Pintu masuk utama terbuka dan semua penduduk Kota Awan Mengambang yang berpengaruh berjalan masuk dengan tertib, masing-masing dengan sikap yang tenang. Mereka semua membawa hadiah yang berat. Di antara kerumunan itu, Xiao Che juga melihat ayah Xia Qingyue, Xia Hongyi.

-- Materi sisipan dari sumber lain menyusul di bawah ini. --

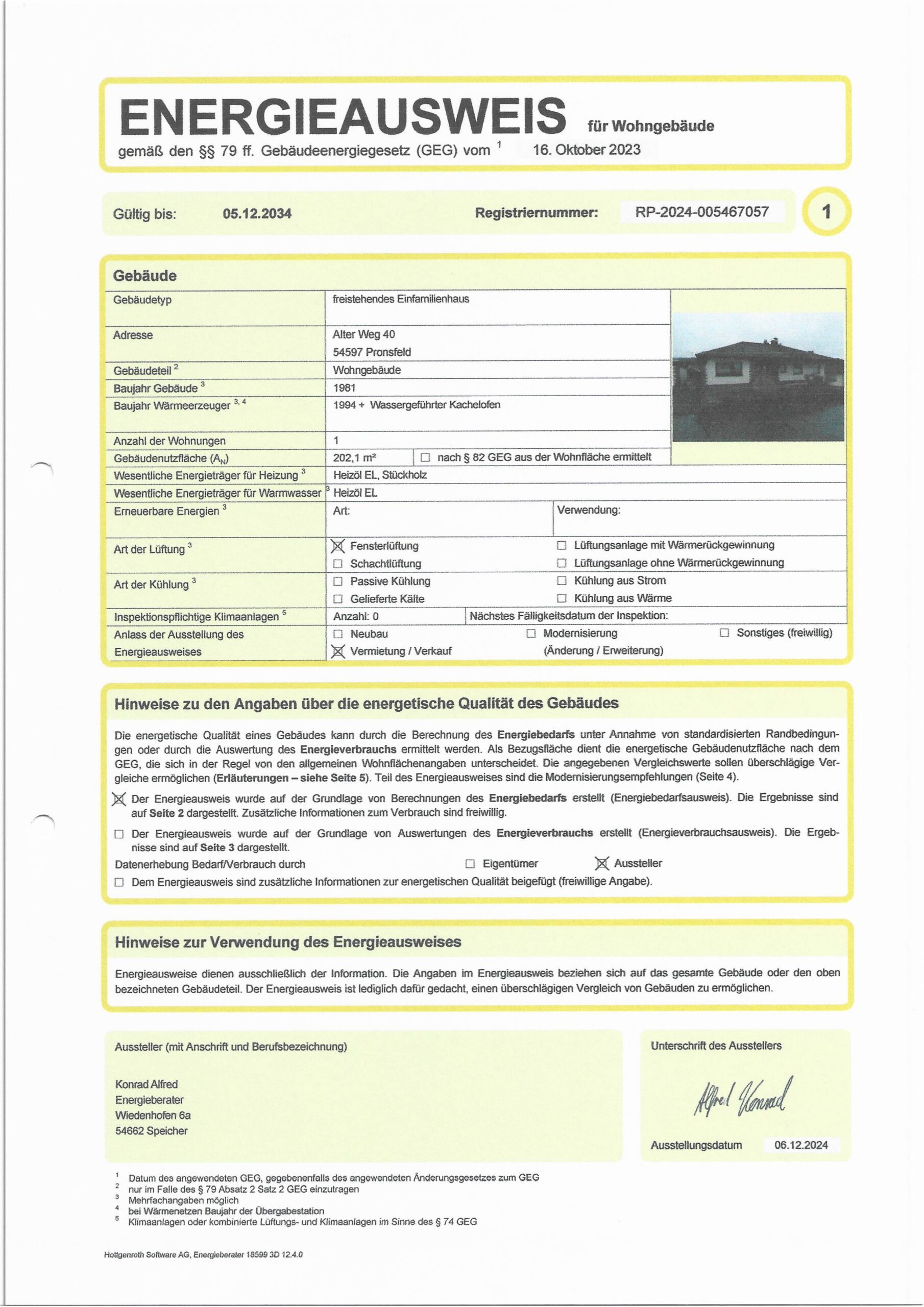 Heizung: 1994 Öl-Heizung, Kachelofen

“Bagus sekali, sekarang kita bisa mulai.” Xiao Kuangyun menegakkan tubuhnya di kursi dan akhirnya mengambil posisi duduk yang bisa dianggap normal sambil menunduk dan berbicara dengan ringan: “Namaku Xiao Kuangyun dan aku berasal dari Sekte Xiao. Mengenai nama besar Sekte Xiao, kalian semua seharusnya sudah sangat paham. Di Kekaisaran Angin Biru, tidak ada yang tidak bisa diselesaikan oleh Sekte Xiao-ku. Kalian semua seharusnya merasa terhormat dan bangga karena meskipun kalian agak lemah, kalian masih bisa dikatakan terkait dengan Sekte Xiao. Pendiri Klan Xiao adalah putra dari salah satu Tetua Sekte Xiao kami. Namun, meskipun pendiri kalian adalah putra seorang tetua, ia sebenarnya lahir dari seorang pelayan wanita. Statusnya sangat rendah sehingga tidak layak disebutkan, dan kekuatan batinnya benar-benar terlalu kurang. Sebagai sampah masyarakat, ia tidak pantas untuk tetap berada di Sekte Xiao. Pendiri kalian kemudian diasingkan oleh Tetua itu ke tempat ini, dan begitulah Klan Xiao kalian terbentuk.”
Kata-kata Xiao Kuangyun yang sangat kasar tidak menyembunyikan rasa jijiknya terhadap seluruh Klan Xiao dan pendirinya. Beberapa anggota Klan Xiao mengerutkan kening mendengar ini, tetapi tidak ada yang berani membuat keributan.